Wife: If I dump all this anger and resentment you say I have on my husband, he will be hurt. He will probably get angry back at me. He will be offended and pull farther away from me.
Me: He will be hurt, angry, and offended. I sure hope he is. Husbands only change when you scare them, rattle their cage, rock their world, and get their attention. He’s like all the intimacy avoiders I have seen. He wants your marriage to stay the way it is and will only change if he must. When he feels your genuine hurt and anger and knows you will not continue to accept the way things are, then he will change. If you keep stuffing your emotions, he will never change because he won’t see any need to change. If you vent your resentments, he will see how serious things are and be motivated to change. He will finally get it.
I urged her to write a letter to her husband—a letter with all her resentments expressed in living color. No holding back. The truth—in love. I asked her to write as much as she needed: “If it is forty pages long, so be it.” I concluded by telling her I would have her read it at our next joint marital session.
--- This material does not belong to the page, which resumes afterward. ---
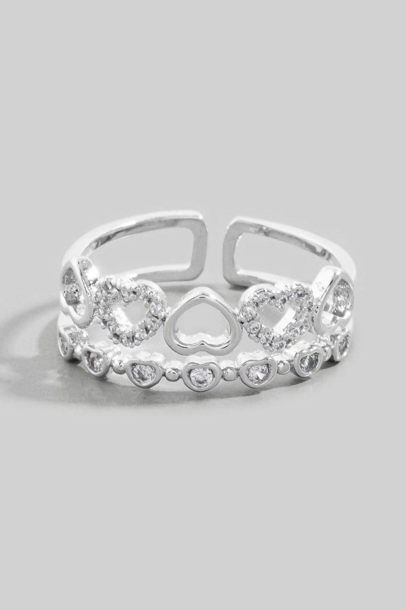 • This ring brings a luxurious gold dipped cubic zirconia double row heart style. Embark on a journey of sartorial refinement as this ring effortlessly complements your fashion sense.

I could tell by the look on her face that she wasn’t going to do it. She said her pastor and a well-known Christian author she had been reading had recommended a different approach: forget the past, pray, quickly forgive her husband, and then focus on loving him unconditionally. Eventually he would come around and be the husband she had always dreamed he’d be. She thanked me for my time and said she wouldn’t need any more of my services.
I fought the urge to gag. I wanted to say, “My dear lady, this approach you’re going to try is the same approach you have been trying for years. How is it going so far?” Instead, trying to be the gracious psychologist, I wished her well and said to call me if she changed her mind.
I Hate It When I’m Right
Ten months later this same couple was sitting in front of me. But, oh, what a difference! This time the husband had called to make the appointment. He sat on the edge of my couch, nervous and sweating. The wife looked like a totally different woman. She was as cold as an Arctic blast. Her face was expressionless. She showed no emotion, except for irritation she was in my office. “She’s hit the wall,” I thought.
When she opened her mouth, she said exactly what I expected. She wanted out of their marriage. She had finally gotten sick and tired of living with this man. She had no feelings for him and didn’t care about him. Period. She had only come today to try and get it through his thick skull that it was over. She had gotten an apartment, her own checking account, and an attorney. He would be served with divorce papers shortly. All she wanted from him was a friendly divorce.
Her husband was devastated. A shell of his former confident self. He finally “got it,” but now it was too late. He finally sighed through tears, “Doc, you were right. I wish I would have listened.” She never came back to therapy after that session. I saw him in about ten individual sessions, and we accomplished some good work together. Although he changed as a man and a husband, his wife couldn’t have cared less. Her resentments were still bottled up inside, and they drove her away from him. Never wavering, she divorced him.